### What to do:
Once the pictures are set aside, repeat all of the data below exactly.

### Recorded data:
· · · · ·
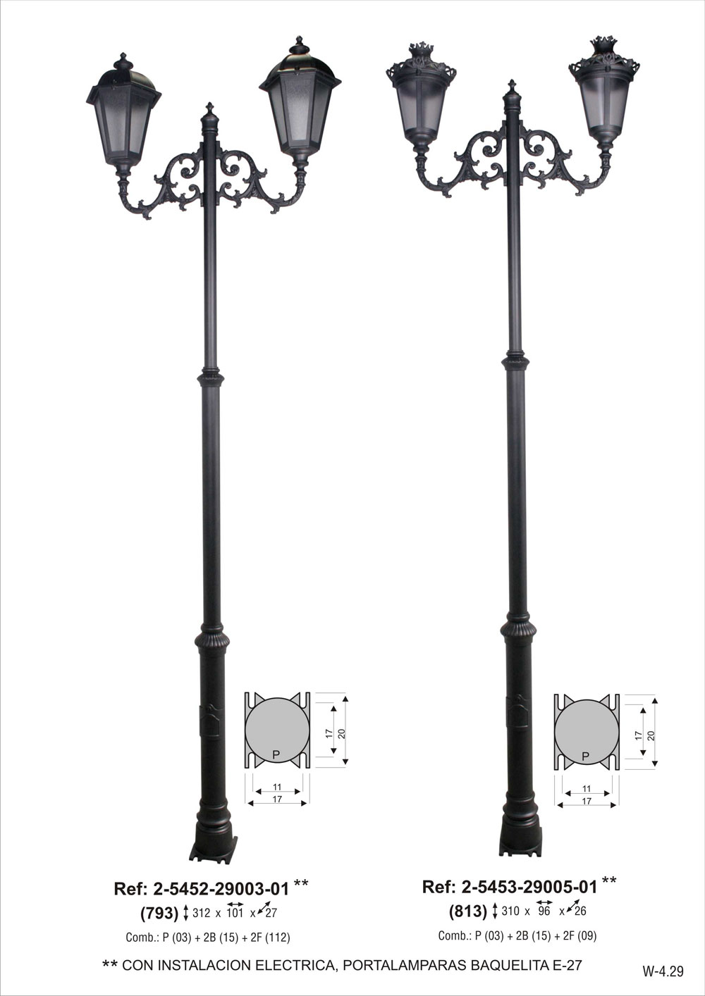 CON INSTALACION ELECTRICA, portalámparas E-27. Combinación pie tres tramos chica de 290 cm de altura (2-5103-290) + 2 brazos de fundición de aluminio grandes (2-9115-34) + 2 faroles redondos en fundición de aluminio con difusor ácido de policarbonato (2-4609-3905). Pintado en poliéster termo endurecido. Acabados más habituales en negro, oxirón y verde carruaje.
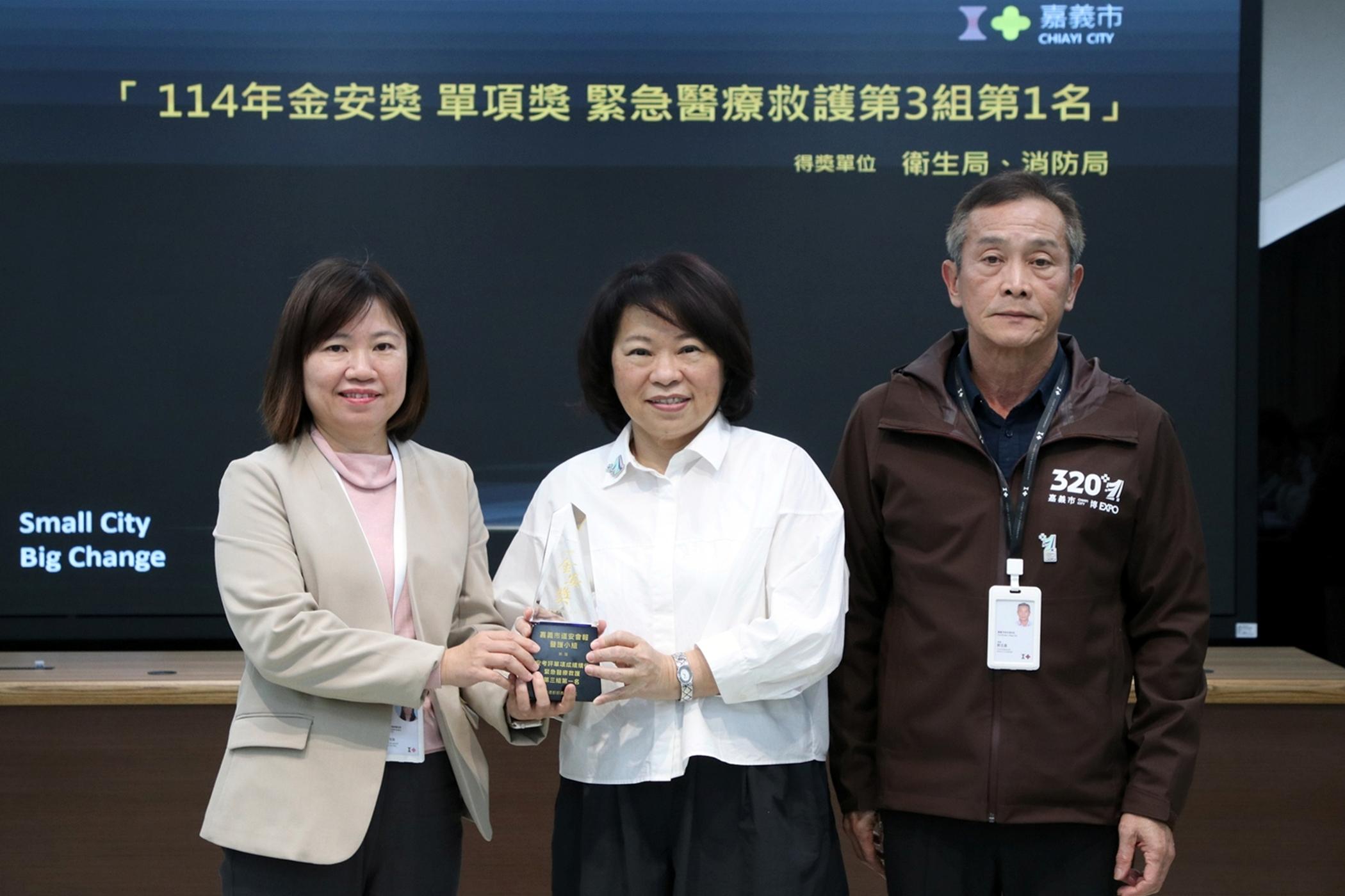 ▲嘉義市衛生局與消防局獲頒114年交通部「金安獎」緊急醫療救護第三組第一名。(圖/嘉義市政府提供)
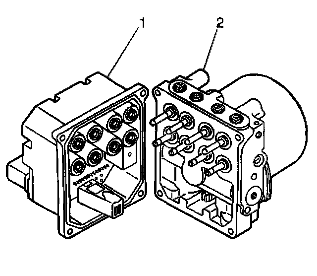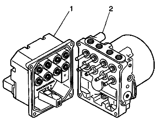 8. Remove the EBCM (1) from the BPMV (2) by gently pulling apart until separated.
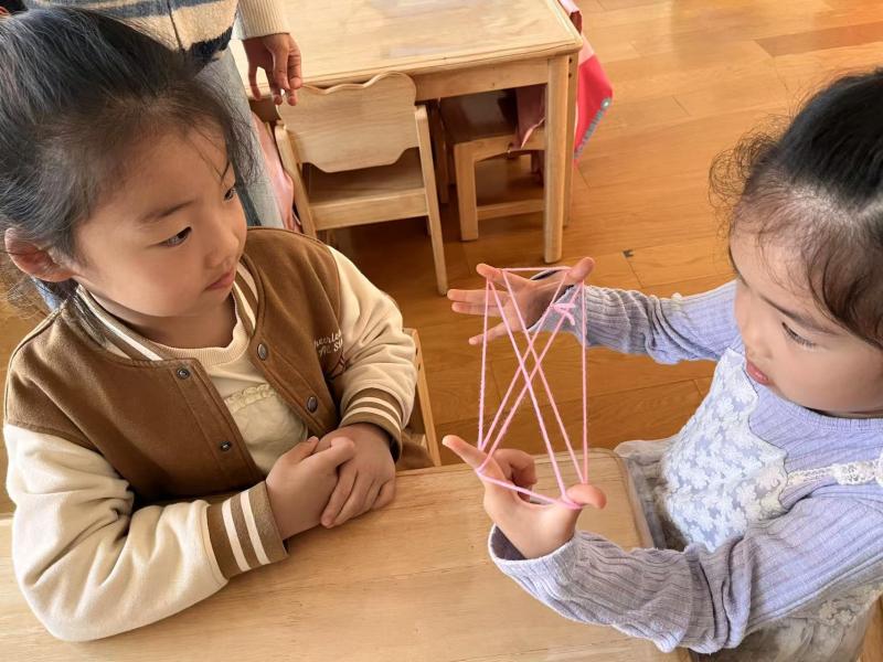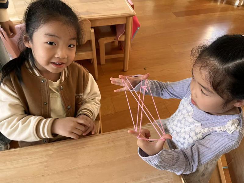 翻花绳游戏,俗称“线翻花”、“翻花鼓”,是我国许多地方广泛流传的一种民间游戏。仅仅一根绳子通过不同的翻法就可以变换出不同的造型来,既可以自娱自乐,也可以两人或多人相互合作轮流翻出各种造型。午饭后,大三班的小朋友们总喜欢拿出一根绳子,和小伙伴们在一起玩起了“翻花绳”的游戏。一根绳子,双手的十根手指巧妙灵活的动作、左右手的协调配合,通过撑、压、挑、翻、勾等一些精微的动作,便可以翻出各种生动有趣的造型图案。花样翻绳游戏既锻炼了幼儿的手指灵活性,又可以培养幼儿的观察力、想象力和动手能力,大大丰富了幼儿的课余生活,令他们沉浸在无尽的乐趣之中。在游戏中,孩子们相互配合、相互鼓励、相互帮助更加加深了小伙伴之间的友谊。
· · · · ·
### Exercise result:
 CON INSTALACION ELECTRICA, portalámparas E-27. Combinación pie tres tramos chica de 290 cm de altura (2-5103-290) + 2 brazos de fundición de aluminio grandes (2-9115-34) + 2 faroles redondos en fundición de aluminio con difusor ácido de policarbonato (2-4609-3905). Pintado en poliéster termo endurecido. Acabados más habituales en negro, oxirón y verde carruaje.
 ▲嘉義市衛生局與消防局獲頒114年交通部「金安獎」緊急醫療救護第三組第一名。(圖/嘉義市政府提供)
 8. Remove the EBCM (1) from the BPMV (2) by gently pulling apart until separated.
 翻花绳游戏,俗称“线翻花”、“翻花鼓”,是我国许多地方广泛流传的一种民间游戏。仅仅一根绳子通过不同的翻法就可以变换出不同的造型来,既可以自娱自乐,也可以两人或多人相互合作轮流翻出各种造型。午饭后,大三班的小朋友们总喜欢拿出一根绳子,和小伙伴们在一起玩起了“翻花绳”的游戏。一根绳子,双手的十根手指巧妙灵活的动作、左右手的协调配合,通过撑、压、挑、翻、勾等一些精微的动作,便可以翻出各种生动有趣的造型图案。花样翻绳游戏既锻炼了幼儿的手指灵活性,又可以培养幼儿的观察力、想象力和动手能力,大大丰富了幼儿的课余生活,令他们沉浸在无尽的乐趣之中。在游戏中,孩子们相互配合、相互鼓励、相互帮助更加加深了小伙伴之间的友谊。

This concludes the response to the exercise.